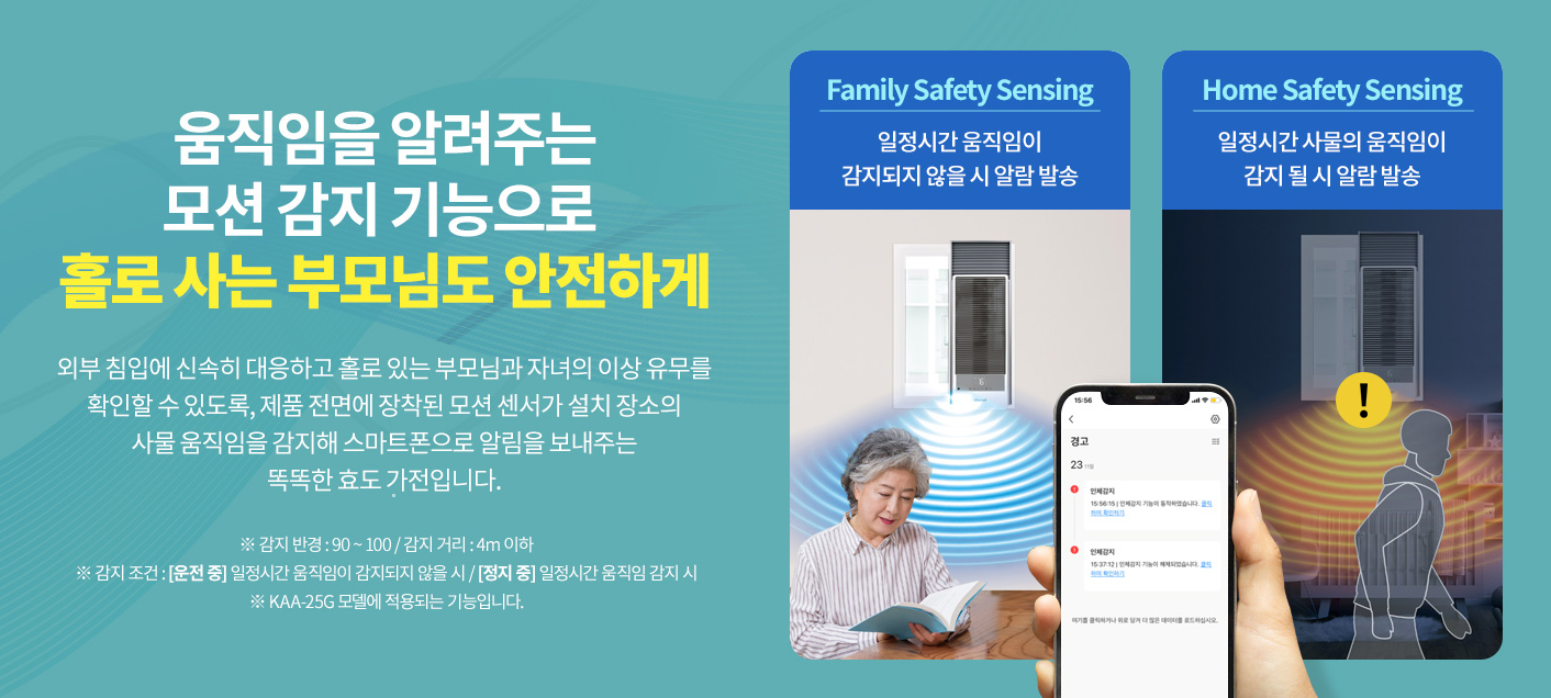 모션 센서가 장착되어 있어, 움직임을 감지하여 홀로 있는 부모님이나 자녀의 이상 유무를 확인할 수 있습니다. 이를 통해 더욱 안전한 사용이 가능합니다.
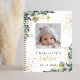 Für eine elegante Taufe, geschlechtsneutral. Ein schick weißer Hintergrund, mit Eukalyptusgrün dekoriert, Imitate vergoldeten Glitzer Staub und ein goldenes Kreuz. Personalisieren und fügen Sie ein quadratisches Foto auf der Vorderseite, den Namen des Kindes und das Datum der Taufe. Schwarze und goldene Buchstaben. Zurück: Fügen Sie Ihre eigenen 3 Fotos auf der Rückseite, Name und Geburtsdatum hinzu. Bilder in vertikaler Größe (Porträtgröße)
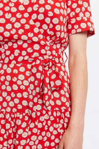 This tiered midi-dress from Louche is covered in a daisy print on a red, full polyester base. Featuring a V-neck line and a self-adjusting waist belt, this dress is perfect for any upcoming summer event or for helping you look good in everyday activities. Product Information: – %100 Polyester
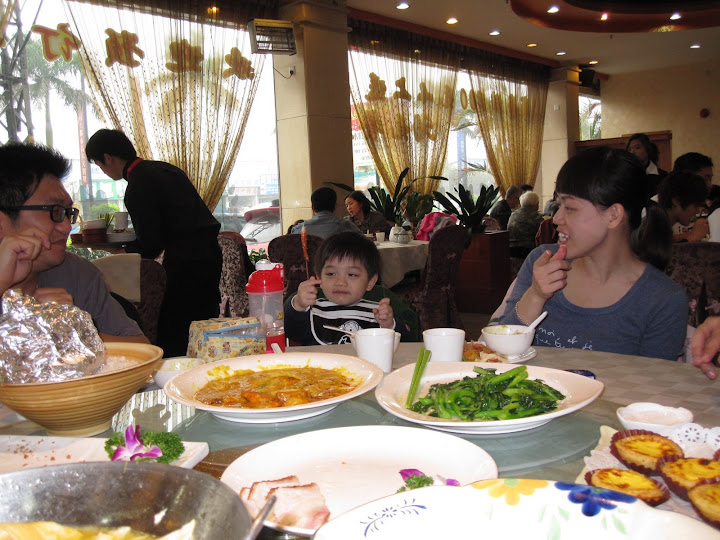 經過三個幾鐘頭嘅車程 + 過關, 大小姐瞓咗兩轉, 都叫做 charge 咗下電, 去到祈福新村, 會合埋 Tissue EE & Ivy EE, 我哋一行 9 大 3 小就乘車去 "駿粵大酒店"
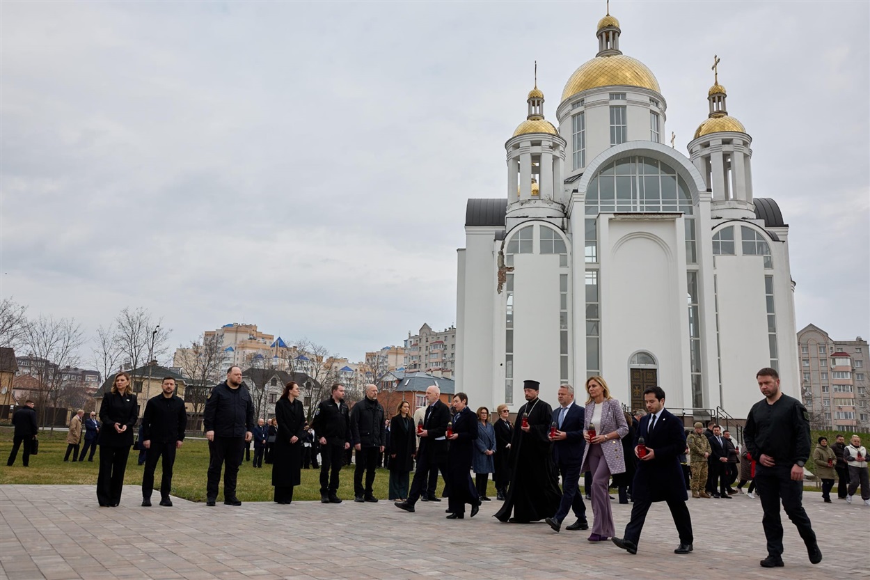 Sudionici su uz predsjednika Ukrajine Volodimira Zelenskog i predsjednice Vlade Ukrajine Julije Sviridenko upalili svijeće i odali počast žrtvama na spomeniku pokraj crkve sv. Andrije u Buči, mjestu sjećanja na jedan od najtežih ratnih zločina počinjenih tijekom ruske agresije na Ukrajinu. Tijekom okupacije toga grada 2022. godine ruske su snage počinile masovna ubojstva civila, mučenja, silovanja i druga teška kršenja međunarodnog humanitarnog prava, pri čemu je ubijeno više od petsto osoba, dok se sudbina dijela stanovnika još uvijek nastoji otkriti.
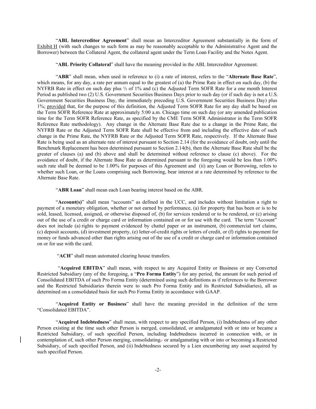 “ABL Intercreditor Agreement” shall mean an Intercreditor Agreement substantially in the form of Exhibit H (with such changes to such form as may be reasonably acceptable to the Administrative Agent and the Borrower) between the Collateral Agent, the collateral agent under the Term Loan Facility and the Notes Agent. “ABL Priority Collateral” shall have the meaning provided in the ABL Intercreditor Agreement. “ABR” shall mean, when used in reference to (i) a rate of interest, refers to the “Alternate Base Rate”, which means, for any day, a rate per annum equal to the greatest of (a) the Prime Rate in effect on such day, (b) the NYFRB Rate in effect on such day plus ½ of 1% and (c) the Adjusted Term SOFR Rate for a one month Interest Period as published two (2) U.S. Government Securities Business Days prior to such day (or if such day is not a U.S. Government Securities Business Day, the immediately preceding U.S. Government Securities Business Day) plus 1%; provided that, for the purpose of this definition, the Adjusted Term SOFR Rate for any day shall be based on the Term SOFR Reference Rate at approximately 5:00 a.m. Chicago time on such day (or any amended publication time for the Term SOFR Reference Rate, as specified by the CME Term SOFR Administrator in the Term SOFR Reference Rate methodology). Any change in the Alternate Base Rate due to a change in the Prime Rate, the NYFRB Rate or the Adjusted Term SOFR Rate shall be effective from and including the effective date of such change in the Prime Rate, the NYFRB Rate or the Adjusted Term SOFR Rate, respectively. If the Alternate Base Rate is being used as an alternate rate of interest pursuant to Section 2.14 (for the avoidance of doubt, only until the Benchmark Replacement has been determined pursuant to Section 2.14(b), then the Alternate Base Rate shall be the greater of clauses (a) and (b) above and shall be determined without reference to clause (c) above). For the avoidance of doubt, if the Alternate Base Rate as determined pursuant to the foregoing would be less than 1.00% such rate shall be deemed to be 1.00% for purposes of this Agreement and (ii) any Loan or Borrowing, refers to whether such Loan, or the Loans comprising such Borrowing, bear interest at a rate determined by reference to the Alternate Base Rate. “ABR Loan” shall mean each Loan bearing interest based on the ABR. “Account(s)” shall mean “accounts” as defined in the UCC, and includes without limitation a right to payment of a monetary obligation, whether or not earned by performance, (a) for property that has been or is to be sold, leased, licensed, assigned, or otherwise disposed of, (b) for services rendered or to be rendered, or (c) arising out of the use of a credit or charge card or information contained on or for use with the card. The term “Account” does not include (a) rights to payment evidenced by chattel paper or an instrument, (b) commercial tort claims, (c) deposit accounts, (d) investment property, (e) letter-of-credit rights or letters of credit, or (f) rights to payment for money or funds advanced other than rights arising out of the use of a credit or charge card or information contained on or for use with the card. “ACH” shall mean automated clearing house transfers. “Acquired EBITDA” shall mean, with respect to any Acquired Entity or Business or any Converted Restricted Subsidiary (any of the foregoing, a “Pro Forma Entity”) for any period, the amount for such period of Consolidated EBITDA of such Pro Forma Entity (determined using such definitions as if references to the Borrower and the Restricted Subsidiaries therein were to such Pro Forma Entity and its Restricted Subsidiaries), all as determined on a consolidated basis for such Pro Forma Entity in accordance with GAAP. “Acquired Entity or Business” shall have the meaning provided in the definition of the term “Consolidated EBITDA”. “Acquired Indebtedness” shall mean, with respect to any specified Person, (i) Indebtedness of any other Person existing at the time such other Person is merged, consolidated, or amalgamated with or into or became a Restricted Subsidiary, of such specified Person, including Indebtedness incurred in connection with, or in contemplation of, such other Person merging, consolidating, or amalgamating with or into or becoming a Restricted Subsidiary, of such specified Person, and (ii) Indebtedness secured by a Lien encumbering any asset acquired by such specified Person. -2-
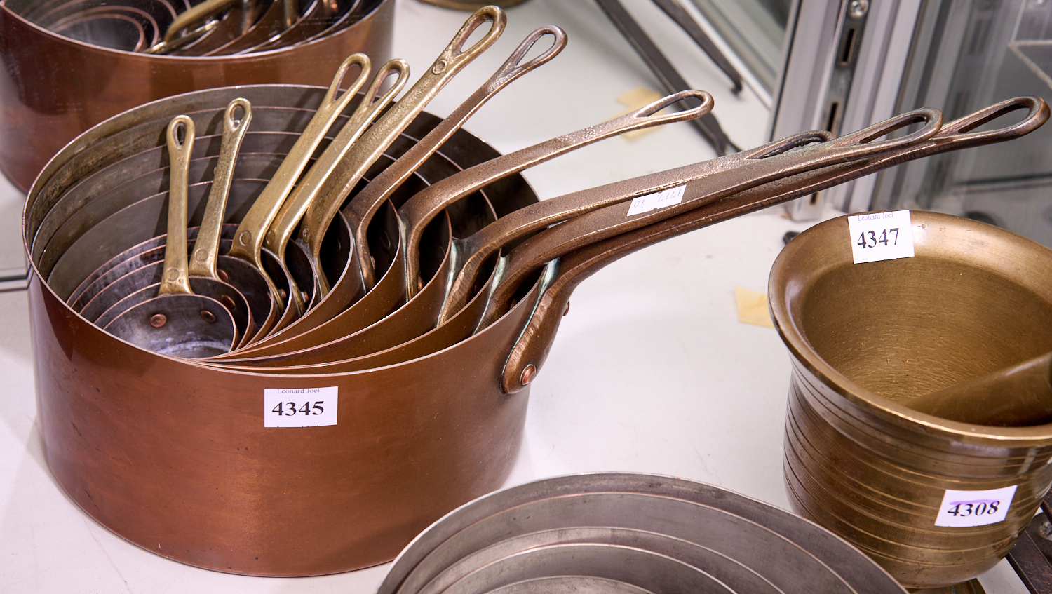 SET OF TEN FRENCH COPPER SAUCEPANS, LEONARD JOEL LOCAL DELIVERY SIZE: SMALL

___

* Problem
Pictures in the entries do not go into the copy. Print only the lines starting at the one containing "Für eine elegante" and ending at the one containing "經過三個幾鐘頭嘅車程 + 過關, 大小姐瞓咗兩轉, 都叫做", exactly as they appear.

* Output
 Für eine elegante Taufe, geschlechtsneutral. Ein schick weißer Hintergrund, mit Eukalyptusgrün dekoriert, Imitate vergoldeten Glitzer Staub und ein goldenes Kreuz. Personalisieren und fügen Sie ein quadratisches Foto auf der Vorderseite, den Namen des Kindes und das Datum der Taufe. Schwarze und goldene Buchstaben. Zurück: Fügen Sie Ihre eigenen 3 Fotos auf der Rückseite, Name und Geburtsdatum hinzu. Bilder in vertikaler Größe (Porträtgröße)
 This tiered midi-dress from Louche is covered in a daisy print on a red, full polyester base. Featuring a V-neck line and a self-adjusting waist belt, this dress is perfect for any upcoming summer event or for helping you look good in everyday activities. Product Information: – %100 Polyester
 經過三個幾鐘頭嘅車程 + 過關, 大小姐瞓咗兩轉, 都叫做 charge 咗下電, 去到祈福新村, 會合埋 Tissue EE & Ivy EE, 我哋一行 9 大 3 小就乘車去 "駿粵大酒店"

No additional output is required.